5 Causes of Semi-Insanity

THE ADDICTOR: One taste was all it took; one single breath and you owned me. Then I knew the danger. I wanted to ignore it, but what could happen from one little try? Now I need you constantly, like a piece of my heart that I have to borrow. And when I try to stop, every cell in my body screams for you. A few more days, weeks, months...who knows ho long it will take for the longing to go away? You're bad for me; you poison me with every glance I cast upon you. But, you make me happy; take away my pain, and I would give life and limb for you, if only my soul would allow.

THE ATTRACTOR: I spent my life telling myself you were wrong.
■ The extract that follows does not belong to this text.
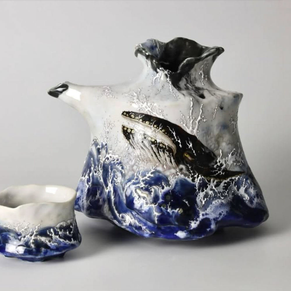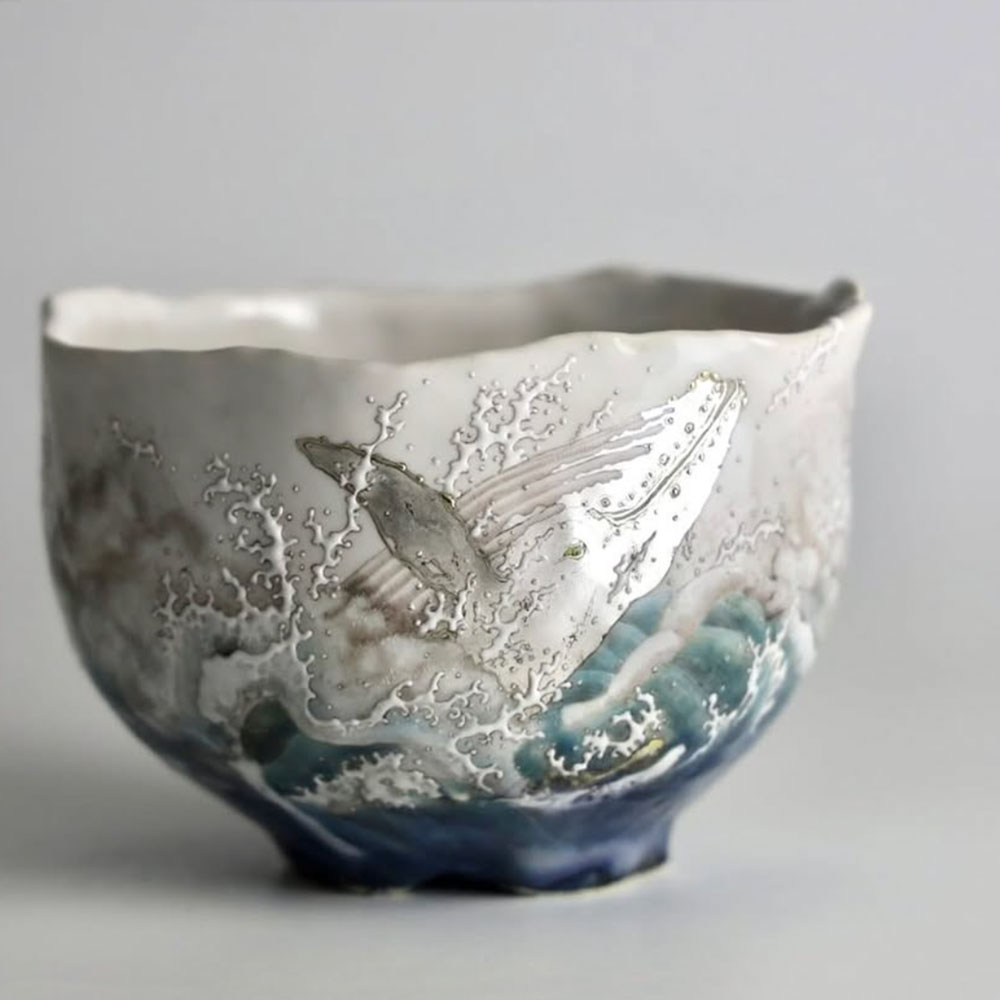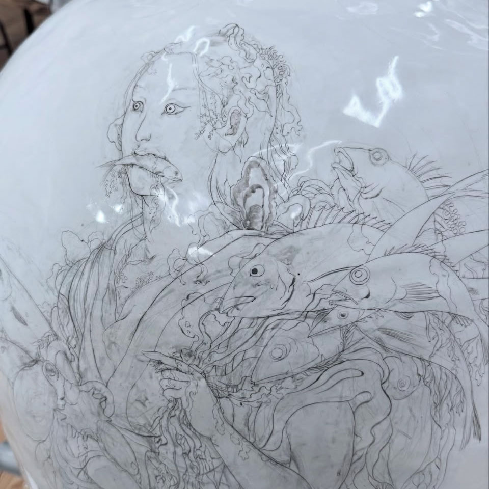 「器の形状は決まっている場合もあれば、決まってない場合もあって。鯨の作品は、もうたくさん描いて慣れているので、ある程度決まっているから、鯨の作品用として造形は作れます。
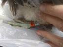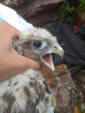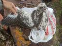 Младший в выводке 4 птенцов. Ширина цевки 7.0 х 6.8 мм / раскрывшийся 5 мах 64 мм / коготь задний 17.2 мм / внутренний 15.8 мм / средний 14.7 мм / наружный 13.2 мм / пробирка с пером № D402.

Everyone tells me you're wrong, and I would agree at the drop of a hat. But, when you're on, I can't help but sit and watch, maybe even quote you; laugh at your jokes. I might even envy you. But, I have to look away before reasoning is blurred; before I believe everything blaring over the speakers. I clap my hands over my ears and shut my eyes. I try to block you out; try to change the channel. But, I want to peek. I want to watch through the cracks in my fingers. It's much easier to watch than to turn and run.

THE UNTOUCHABLE: You fascinate me. I could stare at you forever. Sometimes I even believe I can reach out and graze your hand, but that would be impossible. This store window blocks all contact, showing my dazzled reflection dimly outlining your perfectness. I see the girl from down the street walking out with you cradled in her arms, her smile so loving and beautiful. I could steal you; have your brown, glass eyes for my own. I trust in my legs that much. But, her smile reaches into my soul and wakes my sleeping conscience. I stare at the back of her head longingly, but, in the end, stare at you through the window, fully aware of the empty holes in my pockets.

THE IMMOVABLE: I stare at the two lights becoming brighter and brighter. My mind screams "run", but I can't seem to feel my think legs. My hooves stay rooted to the blacktop. I have a faint thought of my herd, my friends, standing by the side of the road. They will have to watch. I could say something; last words. I could make a change in these final seconds. I will later wish I had. I can see the Alaskan license plate in the glare, now, still unable to even flinch. I could do anything in these short seconds before impact. If only I could make my feet move. And, still, the lights grow brighter.

THE UNCHANGEABLE: I can see it all. I can roll all over the world, see every person on Earth. I view it all through the warped, colored ball that is my transportation, and my cage. Yes, I have a view of the world, but the door is locked. I can't open it no matter what I do. I long to interact, to speak to those many faces passing by me; to "make a difference" as some of them say. But all attempts are incomplete and futile. In the end, I roll silently away, viewing the world through my tiny tears, my paws pulling violently and pleadingly with every step.